据わった目でアカリさんを見る僕だが、アカリさんは全く気にした風もない。

「まあね、いつも私のために東奔西走してくれてる君に、ちょっとくらいお礼をしてもいいかなぁと思ってさ」

……………………。

「あー、あの、お礼とかたぶん聞き間違いだと思うのでもう一度」

「いやいやいやいや。間違ってないから」

ありえない。
あのアカリさんがお礼?
マスキッパが詰まった箱とかじゃないだろうな。

「素直じゃないねぇ……。ま、コレだ」

そう言ってアカリさんが指したのは、後ろに控えるネイティオが浮かせている箱だ。
ネイティオはそのまま箱を僕の前に移動させ(サイコキネシスの応用だろう)、僕の胸の高さで止める。

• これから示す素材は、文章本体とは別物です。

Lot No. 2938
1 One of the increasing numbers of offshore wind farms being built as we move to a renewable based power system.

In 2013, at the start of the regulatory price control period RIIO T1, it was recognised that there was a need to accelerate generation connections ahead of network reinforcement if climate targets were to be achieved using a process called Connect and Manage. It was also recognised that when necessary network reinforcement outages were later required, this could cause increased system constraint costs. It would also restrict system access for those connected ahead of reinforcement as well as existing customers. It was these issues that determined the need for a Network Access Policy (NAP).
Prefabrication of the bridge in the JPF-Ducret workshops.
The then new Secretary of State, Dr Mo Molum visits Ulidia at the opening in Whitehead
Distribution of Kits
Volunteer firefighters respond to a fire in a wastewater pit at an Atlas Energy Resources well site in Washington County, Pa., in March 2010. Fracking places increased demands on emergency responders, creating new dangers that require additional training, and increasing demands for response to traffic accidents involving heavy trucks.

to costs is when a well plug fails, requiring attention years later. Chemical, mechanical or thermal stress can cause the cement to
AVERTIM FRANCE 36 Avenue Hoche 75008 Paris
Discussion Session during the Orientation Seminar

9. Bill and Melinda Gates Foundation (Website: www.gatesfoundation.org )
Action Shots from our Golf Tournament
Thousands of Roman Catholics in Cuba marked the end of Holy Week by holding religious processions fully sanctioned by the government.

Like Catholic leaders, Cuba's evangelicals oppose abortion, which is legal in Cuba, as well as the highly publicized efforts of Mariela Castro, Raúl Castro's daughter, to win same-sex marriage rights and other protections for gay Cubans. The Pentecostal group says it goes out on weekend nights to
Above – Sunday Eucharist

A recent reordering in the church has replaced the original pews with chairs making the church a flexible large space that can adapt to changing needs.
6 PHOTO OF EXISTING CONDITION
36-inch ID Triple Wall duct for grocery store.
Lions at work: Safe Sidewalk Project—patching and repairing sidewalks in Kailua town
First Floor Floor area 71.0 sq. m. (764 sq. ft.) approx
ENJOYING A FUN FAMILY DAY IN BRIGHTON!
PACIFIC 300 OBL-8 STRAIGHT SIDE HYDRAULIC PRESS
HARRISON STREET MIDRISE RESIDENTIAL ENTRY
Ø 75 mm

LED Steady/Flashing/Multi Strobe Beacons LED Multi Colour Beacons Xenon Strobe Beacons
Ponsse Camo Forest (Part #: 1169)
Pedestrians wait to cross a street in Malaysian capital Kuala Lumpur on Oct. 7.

ペットボトルの箱を横向きにしたようなダンボール箱だ。
キレイでもなければ汚くもなく、中身が全く想像出来ない。まぁ大きさから言って、マスキッパが詰まってることはないだろう。


これは本当に何かいいものなのかもしれない。
ありがたく受け取るとしますか。

「ありがとうございま……」
ズシン

……なにこの重さ。ハンパないんですけど。
サイコキネシスのフォローがなくなった途端にこれだよ。


「地下で色々掘ったときのやつでさ、ダイゴさんの基地に埋めれるだけ埋めたんだけど、それでも埋めきれなくて」

はいはいべにたまとかのアレね。それがぎっしり入ってるわけだ。道理で重いわけだよ。

「お土産分取ってもまだ残っちゃって……あ、これも」

今度はサーナイトが足元に置いていた麻袋を僕の足元に移動させる。
その麻袋の形から、丸くてでっかいもんがいっぱい入ってるのがわかる。間違いない。黒い鉄球だ。

「残り物で悪いけど、それあげる」

残り物って量じゃないです。

てか絶対この人、悪いとか思ってないよ。



(裏がないわけがなかった)

家の中に運ぶとき、サイコキネシスで手伝ってくれた二匹に感謝。